*** DATA ***
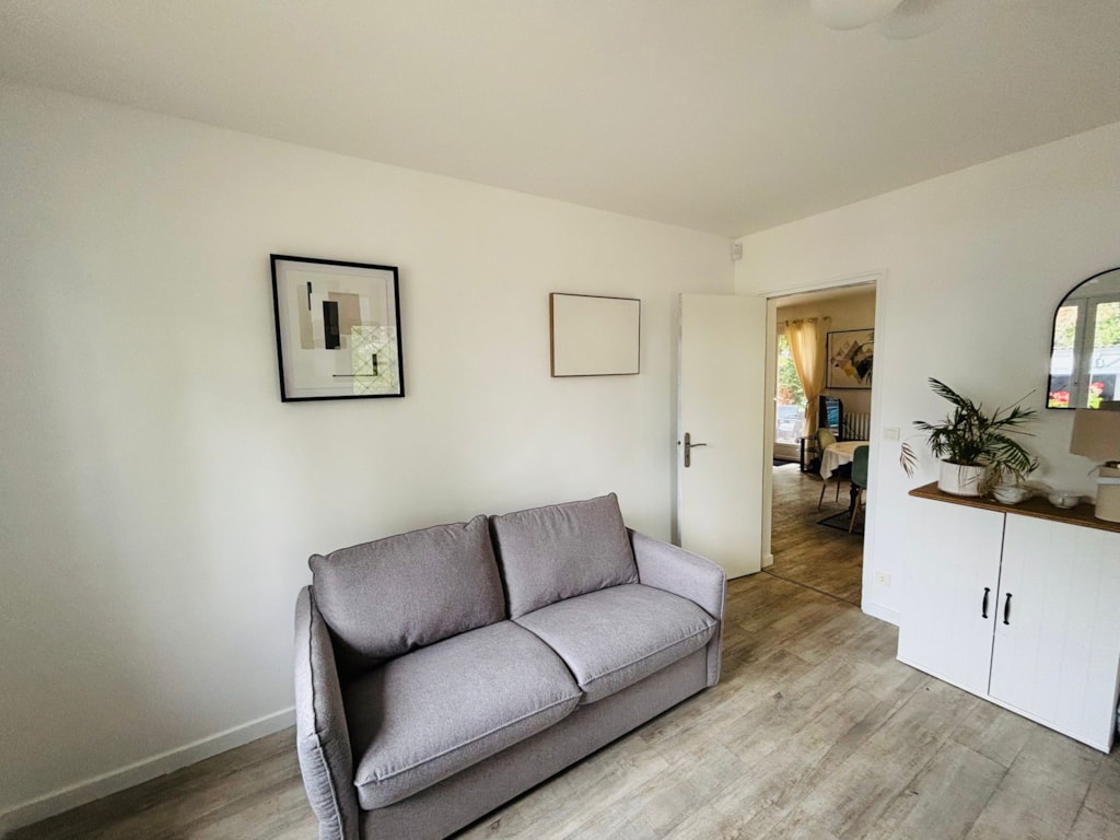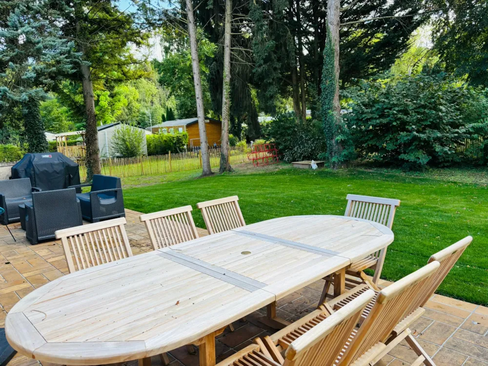 The living room opens onto a private garden and a large terrace with garden furniture and a barbecue.
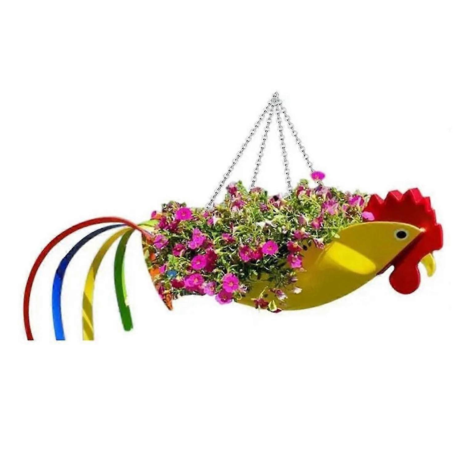 Metal Flower Pot Exquisite Shape Colorful Rooster Flower Pot Hanging Planter Garden Decorative Flower Pots,L,E
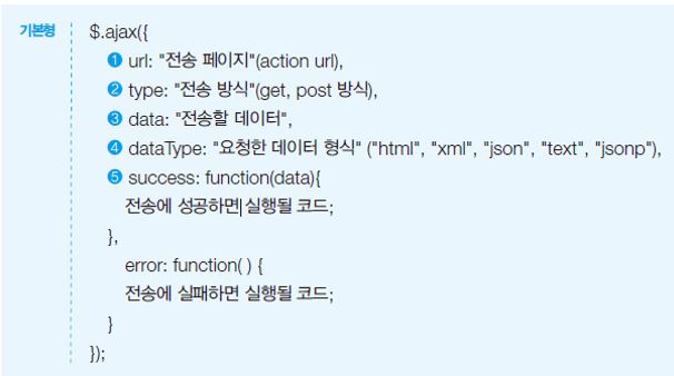 $.ajax({ // jQuery 라이브러리의 Ajax 핵심구현 메소드
*** End of DATA ***
- WHAT THE EXERCISE ASKS -
Set down the material exactly as given, but print none of the pictures.

- EXERCISE RESULT -
 The living room opens onto a private garden and a large terrace with garden furniture and a barbecue.
 Metal Flower Pot Exquisite Shape Colorful Rooster Flower Pot Hanging Planter Garden Decorative Flower Pots,L,E
 $.ajax({ // jQuery 라이브러리의 Ajax 핵심구현 메소드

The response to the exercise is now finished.